*** Excerpted data ***

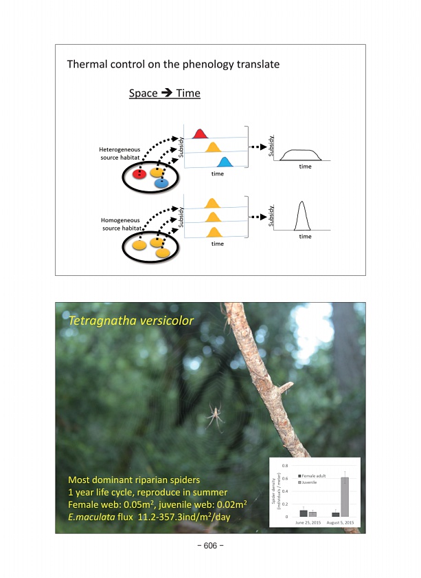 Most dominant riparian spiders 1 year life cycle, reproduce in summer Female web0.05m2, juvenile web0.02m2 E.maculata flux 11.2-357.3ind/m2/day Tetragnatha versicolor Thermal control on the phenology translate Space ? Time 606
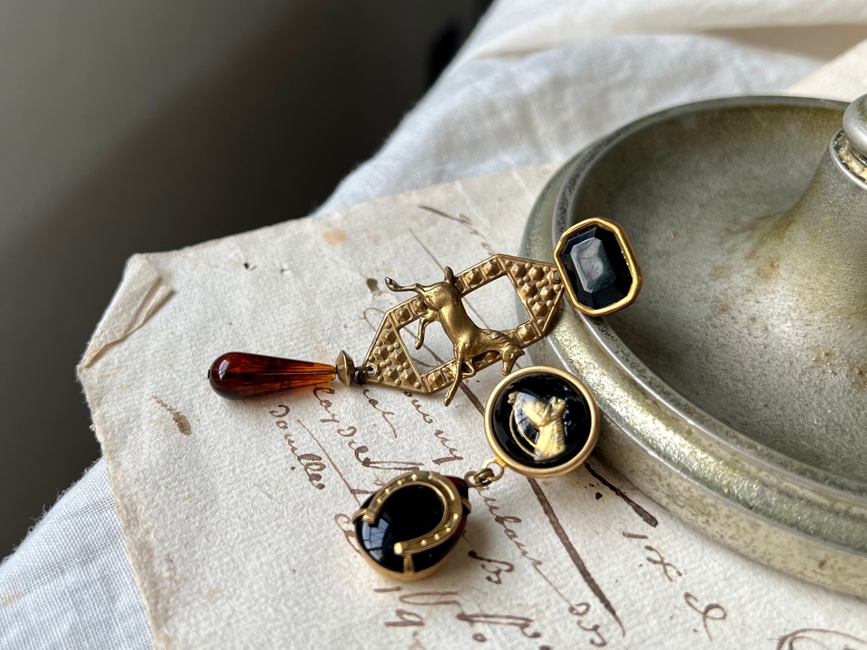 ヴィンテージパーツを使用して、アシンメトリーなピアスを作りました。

*** End of Excerpted data ***
*** Excerpted data ***

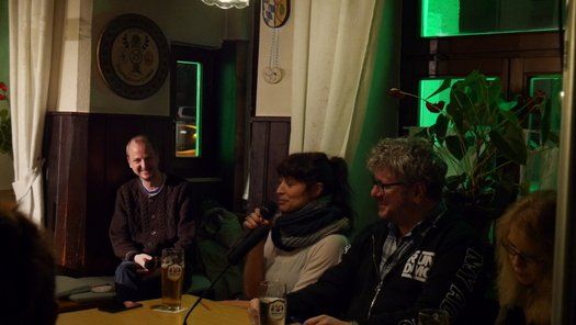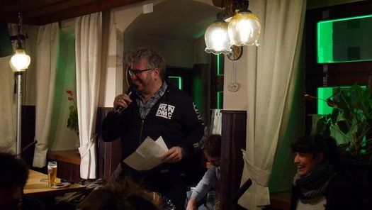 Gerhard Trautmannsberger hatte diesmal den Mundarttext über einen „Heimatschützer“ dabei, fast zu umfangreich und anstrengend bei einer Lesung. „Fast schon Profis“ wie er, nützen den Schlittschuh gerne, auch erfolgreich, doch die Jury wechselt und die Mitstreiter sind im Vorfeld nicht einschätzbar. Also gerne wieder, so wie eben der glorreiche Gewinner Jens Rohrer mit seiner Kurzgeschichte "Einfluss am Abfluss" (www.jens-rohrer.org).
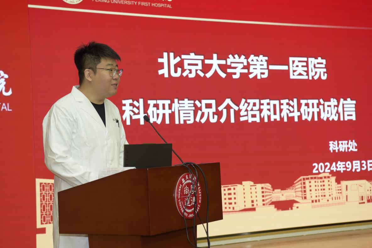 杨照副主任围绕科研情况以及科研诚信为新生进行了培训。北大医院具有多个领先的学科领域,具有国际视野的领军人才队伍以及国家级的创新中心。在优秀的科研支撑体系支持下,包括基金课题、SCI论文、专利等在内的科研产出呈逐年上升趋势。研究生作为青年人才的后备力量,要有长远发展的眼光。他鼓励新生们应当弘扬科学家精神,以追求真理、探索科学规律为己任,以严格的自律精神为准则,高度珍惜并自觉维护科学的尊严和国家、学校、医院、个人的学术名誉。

*** End of Excerpted data ***

* Instructions for the task
Within these entries, output exactly the lines starting at the one with "Gerhard Trautmannsberger hatte" and finishing at the one with "杨照副主任围绕科研情况以及科". Leave pictures out of the output.

* Response
 Gerhard Trautmannsberger hatte diesmal den Mundarttext über einen „Heimatschützer“ dabei, fast zu umfangreich und anstrengend bei einer Lesung. „Fast schon Profis“ wie er, nützen den Schlittschuh gerne, auch erfolgreich, doch die Jury wechselt und die Mitstreiter sind im Vorfeld nicht einschätzbar. Also gerne wieder, so wie eben der glorreiche Gewinner Jens Rohrer mit seiner Kurzgeschichte "Einfluss am Abfluss" (www.jens-rohrer.org).
 杨照副主任围绕科研情况以及科研诚信为新生进行了培训。北大医院具有多个领先的学科领域,具有国际视野的领军人才队伍以及国家级的创新中心。在优秀的科研支撑体系支持下,包括基金课题、SCI论文、专利等在内的科研产出呈逐年上升趋势。研究生作为青年人才的后备力量,要有长远发展的眼光。他鼓励新生们应当弘扬科学家精神,以追求真理、探索科学规律为己任,以严格的自律精神为准则,高度珍惜并自觉维护科学的尊严和国家、学校、医院、个人的学术名誉。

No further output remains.